У Стеллы никто не отвечает. Если Витек не позвонит и сегодня, решаю я, завтра придется ехать и спасать его от этой кожаной телевизионной Цирцеи…
Поскольку «амораловка» закончилась, а новая партия еще не прибыла, полноценно трудиться я не мог и занялся развозом выполненной работы по заказчикам. Намотавшись по Москве и получив кое-какие деньги, я заехал выпить чашечку кофе в ЦДЛ, но почти сразу же вынужден был сбежать оттуда: буквально каждый второй бросался мне навстречу и расспрашивал, куда же я подевал моего гениального друга, о котором такие замечательные вещи рассказывают Кипяткова, Ирискин, Медноструев и Горынин. Уже у самых дверей меня догнала Надюха и, нервно вытирая руки о передник, тоже спросила про Витька.

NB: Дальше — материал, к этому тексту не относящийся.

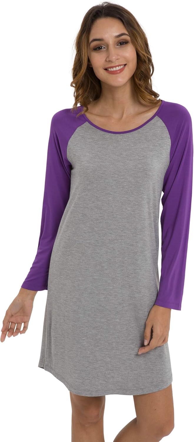 LazyCozy Womens Long Sleeve Nightgowns Viscose from Bamboo Sleepwear Soft Nightshirt Lightweight Sleep Dress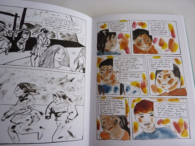 Les partis pris graphiques d’Isatis n’ont pas de logique. En couleurs ou en noir et blanc, dans de pleines pages ou des découpages classiques, l’autrice travaille sur le vif, à l’instinct. Quelques ratures témoignent de l’instantanéité des rencontres et des moments, ancrant un peu plus le récit dans une réalité. Et au milieu, improbable, une planche réalisée par des enfants équatoriens faite lors d’un atelier retranscrit la frayeur du terremoto (tremblement de terres dévastateur) sous les feutres des enfants.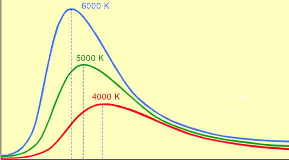 Figura 5: Andamento del flusso prodotto da una sorgente calda (curva di Planck) a diverse temperature. Il picco di intensità si sposta da sinistra verso destra al decrescere della temperatura della sorgente.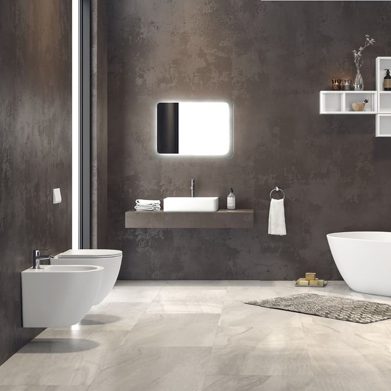 Κρεμαστή λεκάνη τουαλέτας σε λευκό γυαλιστερό φινίρισμα. Διαθέτει τεχνολογία Rimless για έκπλυση χωρίς εσωτερικό χείλος, Κάλυμμα βαρέως τύπου, αποσπώμενο με μηχανισμό Soft Close. Διαστάσεις : 49cm x 37cm. Διαθέτει κρυφό σύστημα στερέωσης και συνδυάζεται με όλα τα εντοιχιζόμενα καζανάκια.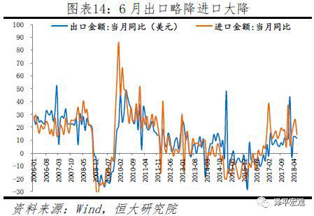 随着未来美国经济高位筑顶,欧元区经济边际下行,同时美国可能对2000亿美元进口中国商品的加征关税情况,中国出口将可能受到抑制;在进口方面,由于7月国内部分关税调整,部分商品将恢复进口。下半年经济将更加依赖内需。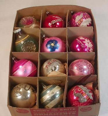 Title (ebay affiliate link): ANTIQUE EARLY 12 SHINY BRITE FROSTED & INDENT GLASS CHRISTMAS TREE ORNAMENTS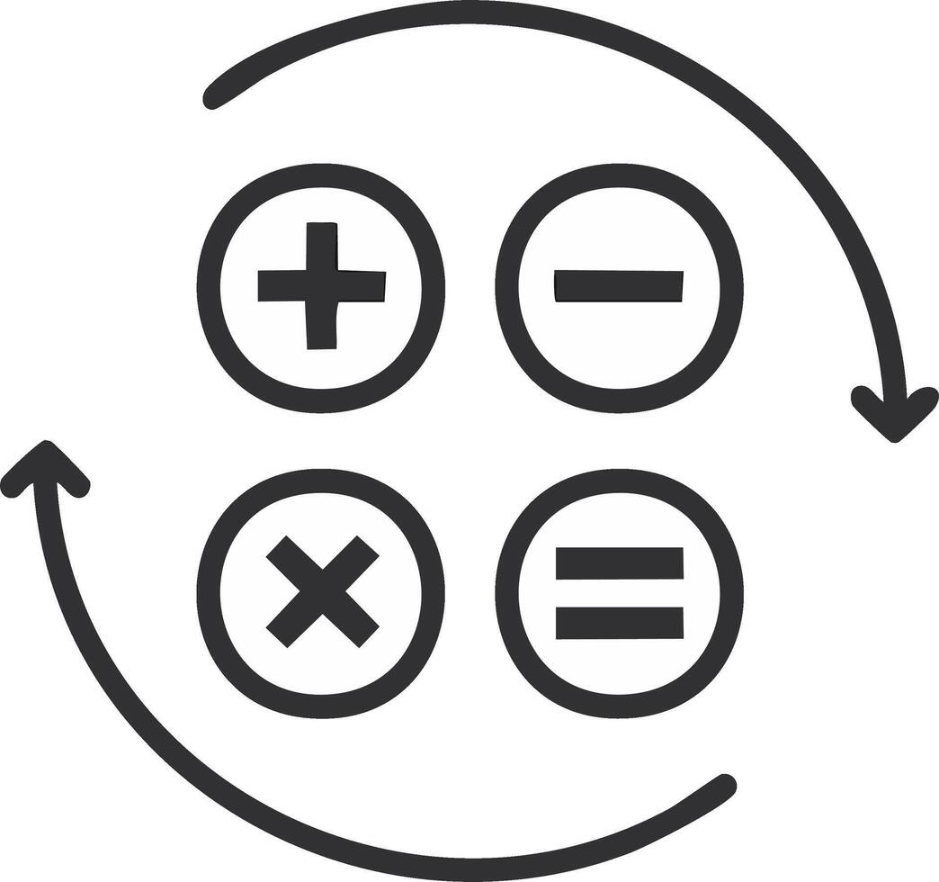 Minimalist icon of mathematical symbols in a continuous circular process Pro Vector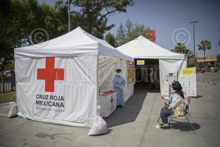 TIJUANA, BAJA CALIFORNIA, 03ABRIL2020.- Un filtro sanitario fue instalado en una plaza comercial ubicada en la Zona Río con el objetivo de brindar información y atender a personas que presenten síntomas de COVID-19. En el lugar no se realizan pruebas relacionadas con el virus, pero se evalúan y en caso de ser necesario se canalizan a la Jurisdicción Sanitaria para ser evaluados. La cifra de casos infectados de COVID-19 se elevó a 58, 32 en Mexicali y 26 en Tijuana. FOTO: OMAR MARTÍNEZ /CUARTOSCURO.COM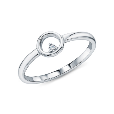 Кольцо с 1 бриллиантом выращенным, 0.01 карат, огранка круг 57 граней, цвет 2, чистота 5; Серебро 925 пробы.

– Забудь о нем, – посоветовал я.
– Не могу…
– Понимаю! – грустно кивнул я, вспомнив про Анку. – Но это бесполезно…
– Я буду за него бороться! – вдруг с какой-то чернышевской интонацией сказанула Надюха.
– Эх ты, борчиха! – улыбнулся я, погладив ее по голове. И ушел.
Когда в половине девятого, купив на ужин пельменей и бутылку сухого вина, я вставил ключ в замок, то услышал трель телефонного звонка. Мое сердце многообещающе екнуло. И действительно, это был Витек.
– Приезжай скорее! – плачущим басом орал он.
– Ты где? Что случилось?
– Она меня по телевизору показывать везет! Через час этот… как его… э-э-фир… Прямой!
– Расслабься! Все идет по плану. Я еду! Если буду опаздывать, к телекамерам близко не подходи! И не открывай рта! Понял?
– О'кей – сказал Патрикей, – отозвался он, видимо, немного успокоившись.
19. КАТАСТРОФА В НОЧНОМ ЭФИРЕ
Нет, я не опоздал, я даже приехал раньше, чем они, минут на десять и, как кот ученый, бродил возле стеклянного подъезда с вращающимися дверями. В отдалении, светясь огоньками на фоне ночного неба, торчала Останкинская башня. Давно, еще будучи молодым, томимым метафорической озабоченностью поэтом, я, помнится, сочинил:
Останкино, словно огромный термометр, Торчит из горячей подмышки Москвы…
А вот Медноструев пишет в своем исследовании «Тьма», что Останкино – это ядовитый сатанинский рог, пропарывающий православные небеса. Второй рог, поменьше размерами, торчит в районе Шаболовки. Далее Медноструев поясняет, где в Москве можно обнаружить также копыта и хвост, но я забыл, где именно… Ирискин же в своем труде «Темнота» сравнивал Останкино с надменно поднятой пикой безграмотного казака, нагло въезжающего на потной кобыле в поверженный Париж – столицу европейской культуры!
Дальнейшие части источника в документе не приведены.